----- Supplied entries -----
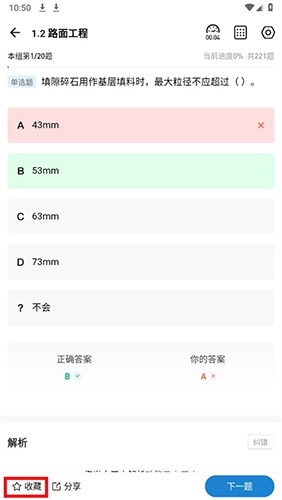 4、进入做题,当你做错题目时,点击左下方的收藏即可收藏错题。
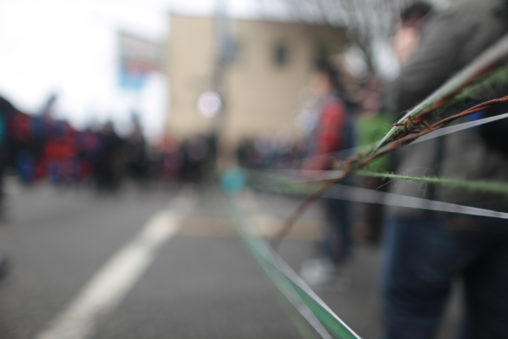 And they did. A good-size contingent of black bloc anarchists and peace activists, climate justice folks and indigenous radicals, people on bikes and in wheelchairs, queer activists and kids in strollers, a marching band and teenagers released from school because of the Olympics, an assortment of neighborhood activists and non-black bloc anarchists, and many others kept up a rowdy and militant presence in the streets. The torch was diverted, and diverted again, and diverted yet again, each time by the diverse contingent holding intersections together. At the first intersection, for example, people ran string and barbed wire between light posts, across the entire street, fortified by rocks on the ground, while the chants ranged from "homes not games" to "no justice, no peace, fuck the police."
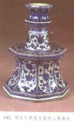 插置蜡烛的照明器具。三国时期有青瓷卧羊形烛台。西晋流行卧狮形烛台。南朝时烛台形式较多、有狮形、单管、双管、四管、荷花形等,其中管状烛台在福建地区流行,上有弦纹长柄,柄上端是敞口碗形,碗中有烛座。明永乐、宣德时景德镇窑烧制的烛台,器口和台座呈八角形,颈部为圆柱形。北京故宫博物院藏明正德官窑款青花阿拉伯文烛台,为一管状圆柱立于高台盘。清代以后的烛台形制基本承袭此式。(见图192)
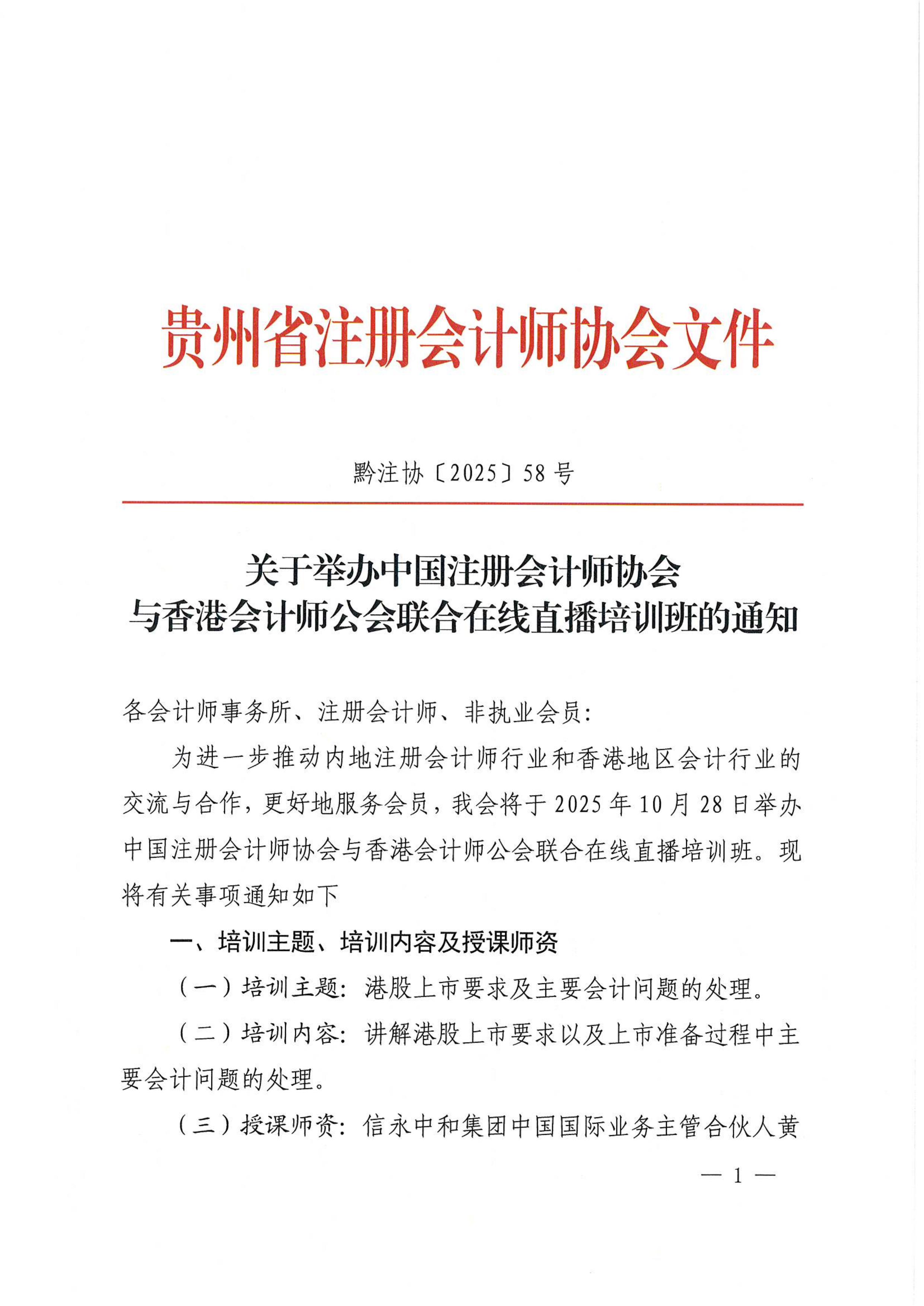 关于举办中国注册会计师协会与香港会计师公会联合在线直播培训班的通知
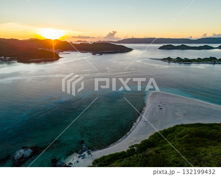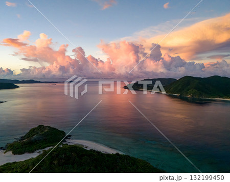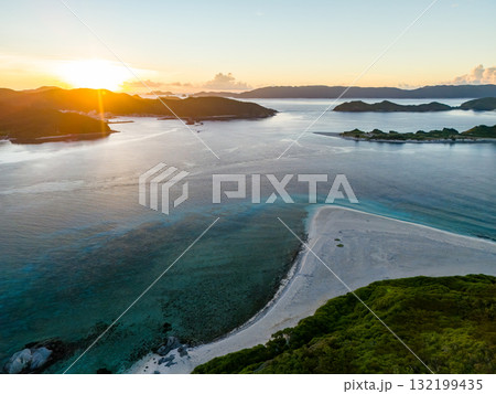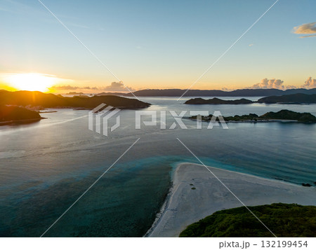 座間味港で慶良間諸島の日の出をドローンで空中撮影している。沖縄県島尻郡慶良間諸島座間味島座間味港
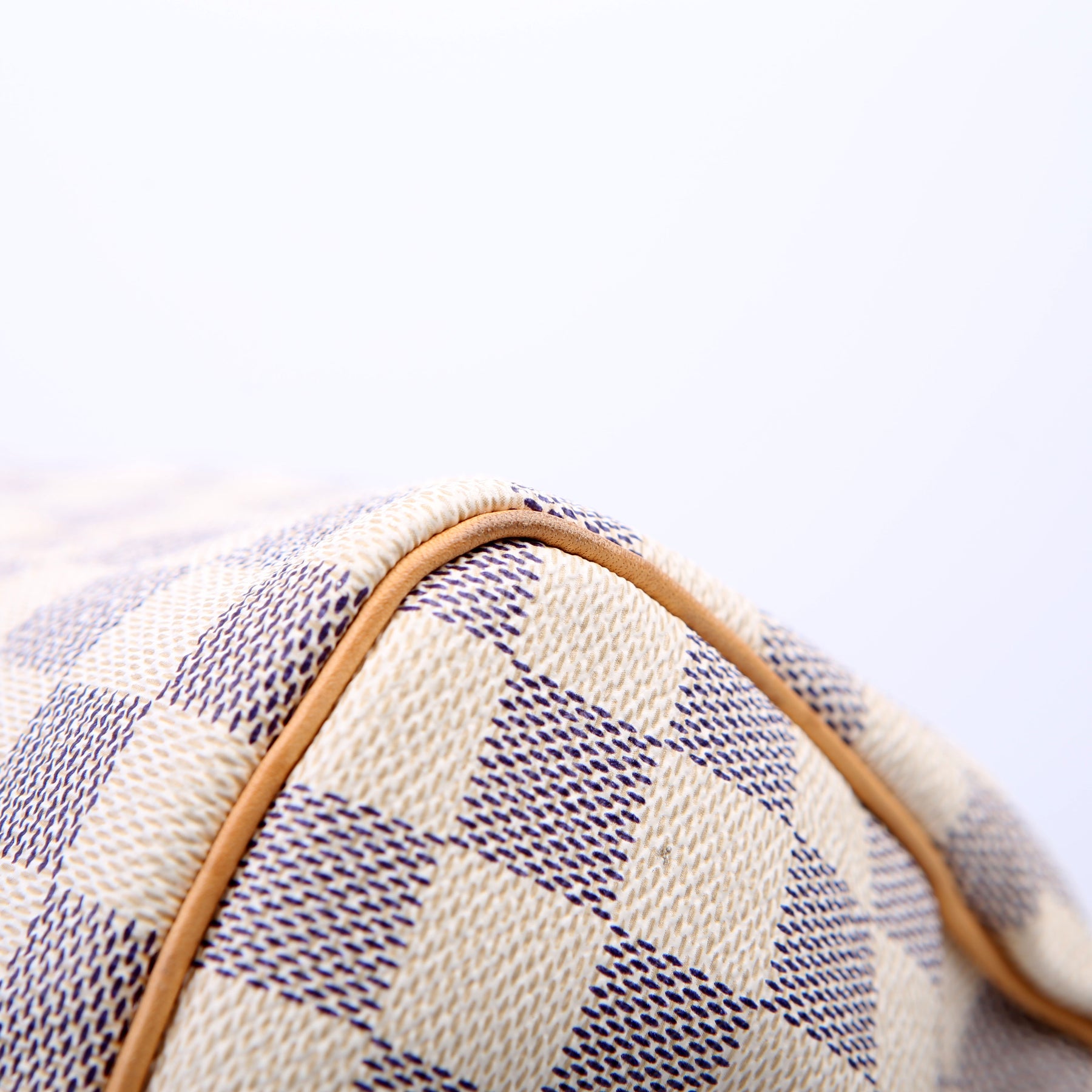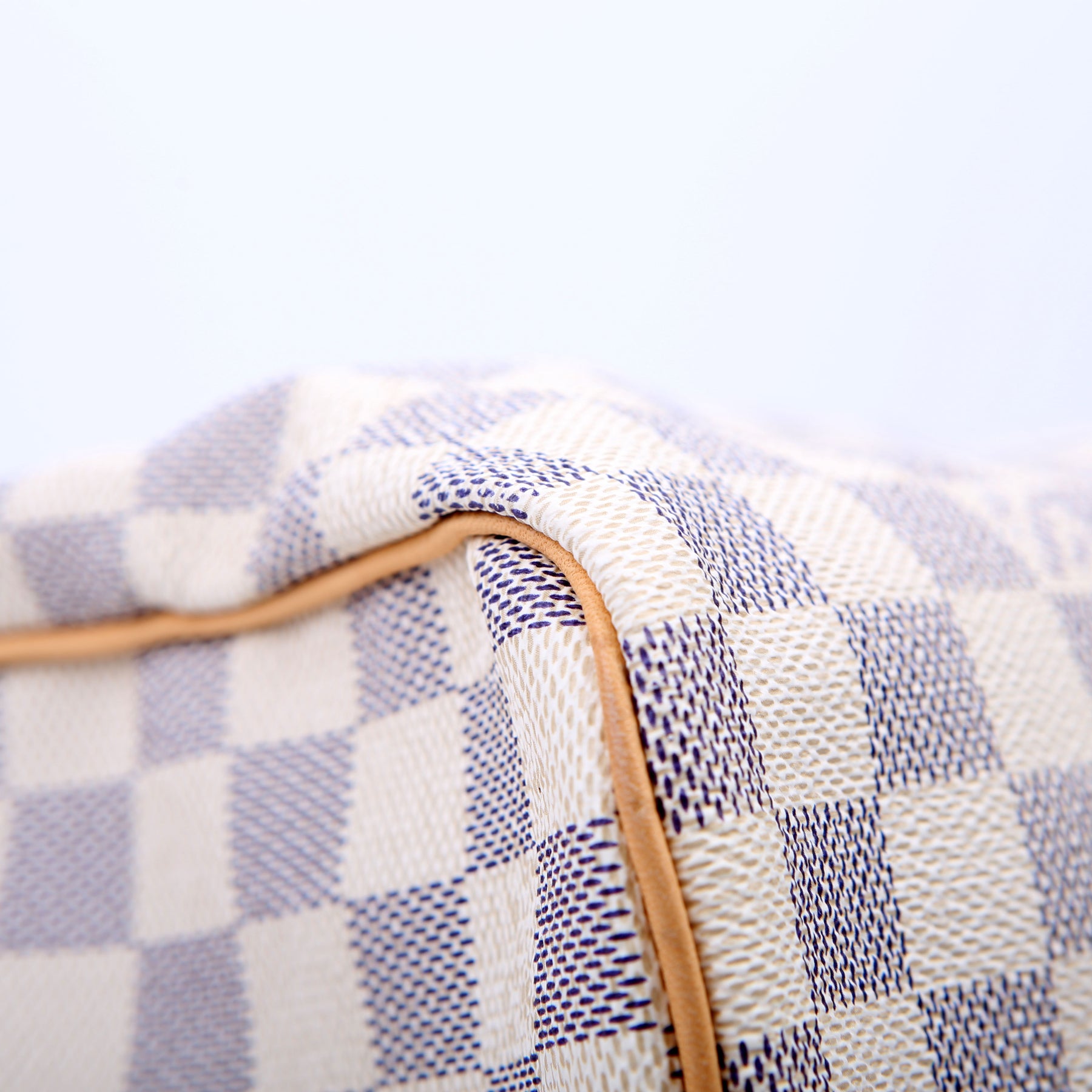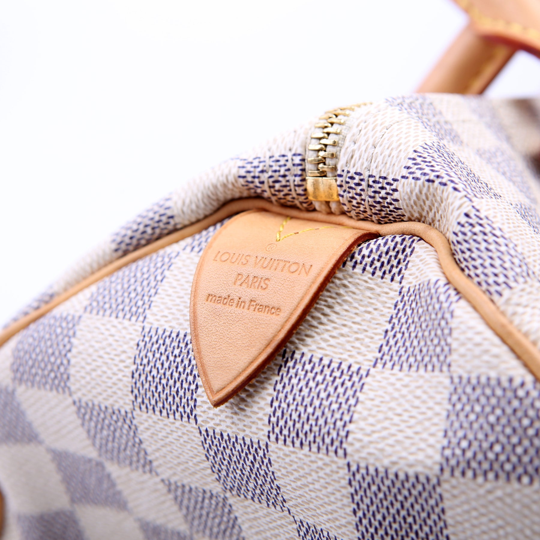 This pre-owned Louis Vuitton Speedy 30 is guaranteed 100% authentic. The exterior is in the classic Louis Vuitton Damier Azur coated canvas.
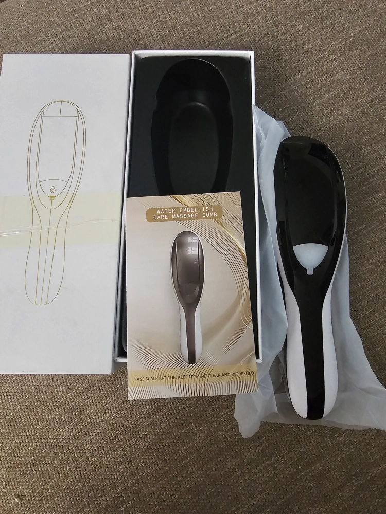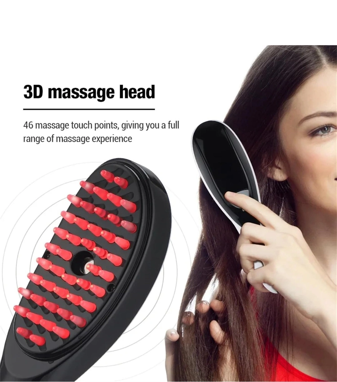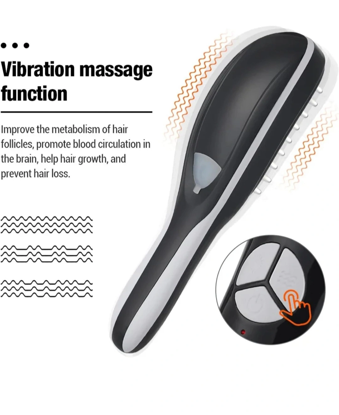 Electric massage comb. Features red and blue light therapy, vibration massage, and nano atomization. Reduces hair oil and loss. Improves hair follicle metabolism. Promotes blood circulation. 15ml capacity. Helps hair growth.
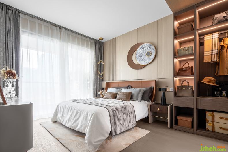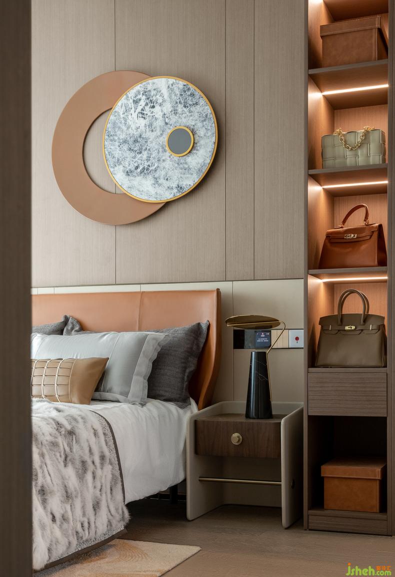 木質(zhì)護(hù)墻與大理石紋的墻面裝飾,在表達(dá)藝術(shù)審美的同時(shí),也將睡眠空間打磨得更加精致。
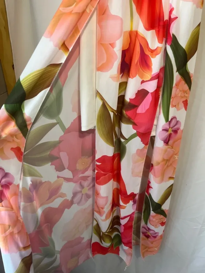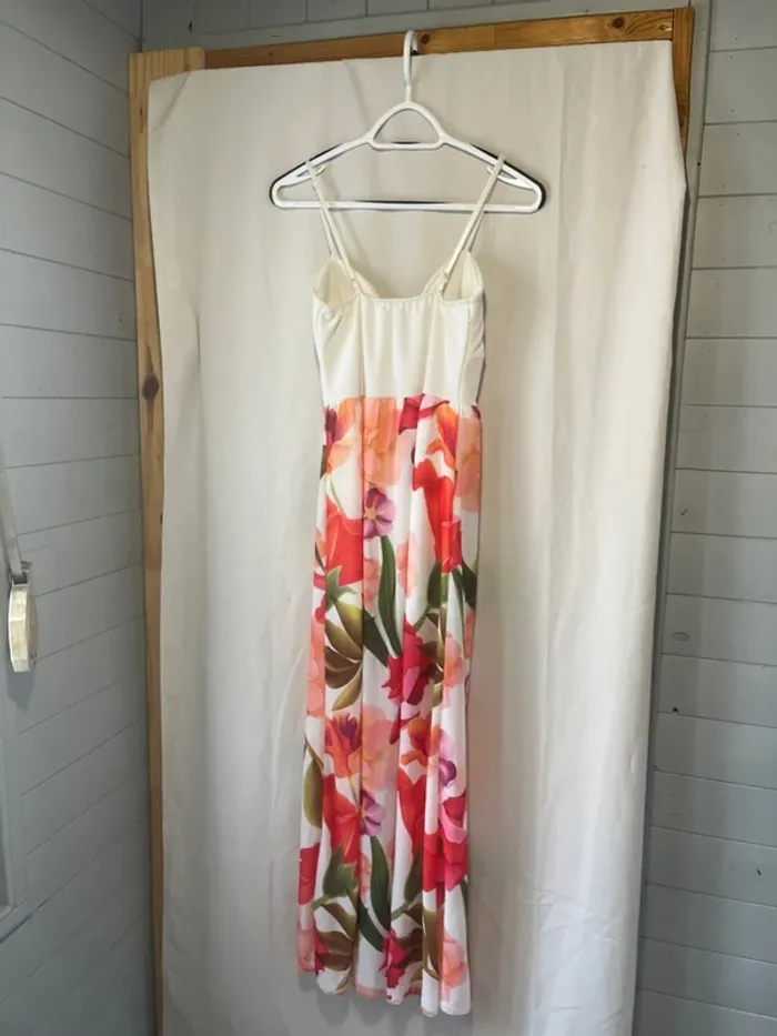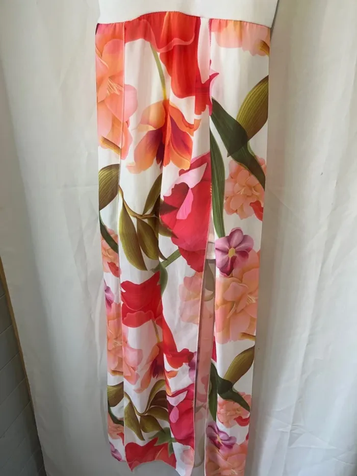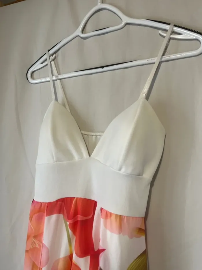 Robe longue Avec short intégré Bretelles réglables Haut blanc et jupe imprimée fleurs Coque à la poitrine Aisselle à aisselle 37 cm
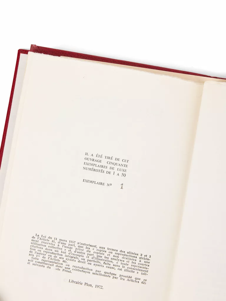 Paris, Plon, (1er septembre) 1972.
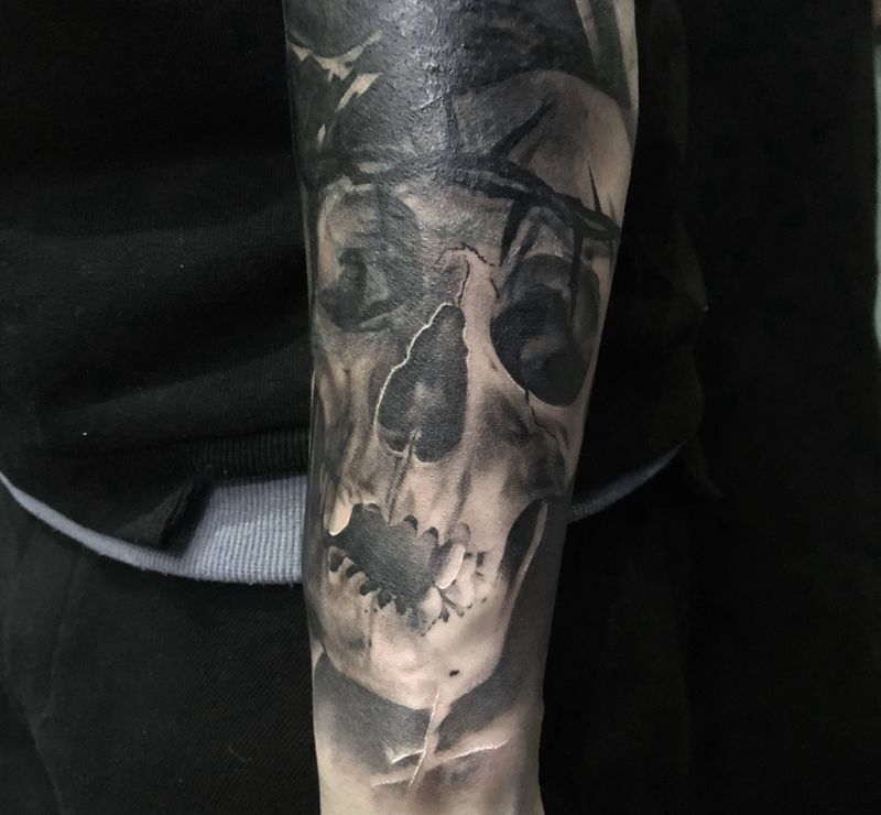 骷髅头遮盖纹身图片_手部欧美写实遮盖纹身图案
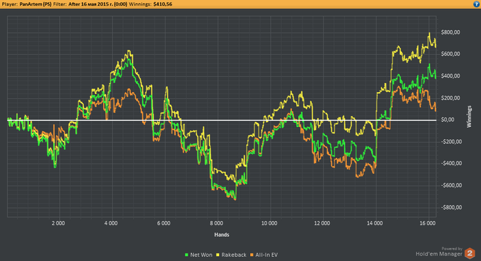 Тяжелый отрезок. Качает сильно. День в одну сторону, день в другую. Хоть переходи на игру через день Пару деньков были провальные, как писал об этом ранее. Последнии дни стараюсь, и получается, держать игру на уровне. Осталось отыграть 17к рук. Оценка 6/10
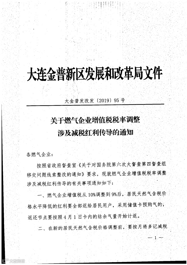 根据国家督查组“关于燃气企业增值税税率调整涉及减税红利传导”的要求和大金普发改发(2019)95号文件《关于燃气企业增值税税率调整涉及减税红利传导的通知》(文件详情见文末)
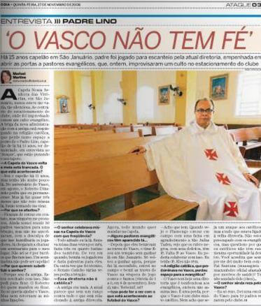 NETVASCO - 27/11/2008 - QUI - 11:46 - Padre Lino: 'Agora, todo mundo quer mandar na Capela'A Capela Nossa Senhora das Vitórias, em São Januário, nunca esteve tão vazia, tão silenciosa. Ao contrário do estacionamento do clube, onde foi improvisado ontem um culto evangélico. A briga da nova administração com a antiga está respingando na religião católica, que perde tanto espaço a ponto de o Padre Lino, capelão de lá há 15 anos, ter denunciado, em entrevista ao ‘Ataque’, que estão puxando o seu tapete.
-----
_Brief_:
Would you please give the material above again, unchanged but without pictures?

_Answer_:
 4、进入做题,当你做错题目时,点击左下方的收藏即可收藏错题。
 And they did. A good-size contingent of black bloc anarchists and peace activists, climate justice folks and indigenous radicals, people on bikes and in wheelchairs, queer activists and kids in strollers, a marching band and teenagers released from school because of the Olympics, an assortment of neighborhood activists and non-black bloc anarchists, and many others kept up a rowdy and militant presence in the streets. The torch was diverted, and diverted again, and diverted yet again, each time by the diverse contingent holding intersections together. At the first intersection, for example, people ran string and barbed wire between light posts, across the entire street, fortified by rocks on the ground, while the chants ranged from "homes not games" to "no justice, no peace, fuck the police."
 插置蜡烛的照明器具。三国时期有青瓷卧羊形烛台。西晋流行卧狮形烛台。南朝时烛台形式较多、有狮形、单管、双管、四管、荷花形等,其中管状烛台在福建地区流行,上有弦纹长柄,柄上端是敞口碗形,碗中有烛座。明永乐、宣德时景德镇窑烧制的烛台,器口和台座呈八角形,颈部为圆柱形。北京故宫博物院藏明正德官窑款青花阿拉伯文烛台,为一管状圆柱立于高台盘。清代以后的烛台形制基本承袭此式。(见图192)
 关于举办中国注册会计师协会与香港会计师公会联合在线直播培训班的通知
 座間味港で慶良間諸島の日の出をドローンで空中撮影している。沖縄県島尻郡慶良間諸島座間味島座間味港
 This pre-owned Louis Vuitton Speedy 30 is guaranteed 100% authentic. The exterior is in the classic Louis Vuitton Damier Azur coated canvas.
 Electric massage comb. Features red and blue light therapy, vibration massage, and nano atomization. Reduces hair oil and loss. Improves hair follicle metabolism. Promotes blood circulation. 15ml capacity. Helps hair growth.
 木質(zhì)護(hù)墻與大理石紋的墻面裝飾,在表達(dá)藝術(shù)審美的同時(shí),也將睡眠空間打磨得更加精致。
 Robe longue Avec short intégré Bretelles réglables Haut blanc et jupe imprimée fleurs Coque à la poitrine Aisselle à aisselle 37 cm
 Paris, Plon, (1er septembre) 1972.
 骷髅头遮盖纹身图片_手部欧美写实遮盖纹身图案
 Тяжелый отрезок. Качает сильно. День в одну сторону, день в другую. Хоть переходи на игру через день Пару деньков были провальные, как писал об этом ранее. Последнии дни стараюсь, и получается, держать игру на уровне. Осталось отыграть 17к рук. Оценка 6/10
 根据国家督查组“关于燃气企业增值税税率调整涉及减税红利传导”的要求和大金普发改发(2019)95号文件《关于燃气企业增值税税率调整涉及减税红利传导的通知》(文件详情见文末)
 NETVASCO - 27/11/2008 - QUI - 11:46 - Padre Lino: 'Agora, todo mundo quer mandar na Capela'A Capela Nossa Senhora das Vitórias, em São Januário, nunca esteve tão vazia, tão silenciosa. Ao contrário do estacionamento do clube, onde foi improvisado ontem um culto evangélico. A briga da nova administração com a antiga está respingando na religião católica, que perde tanto espaço a ponto de o Padre Lino, capelão de lá há 15 anos, ter denunciado, em entrevista ao ‘Ataque’, que estão puxando o seu tapete.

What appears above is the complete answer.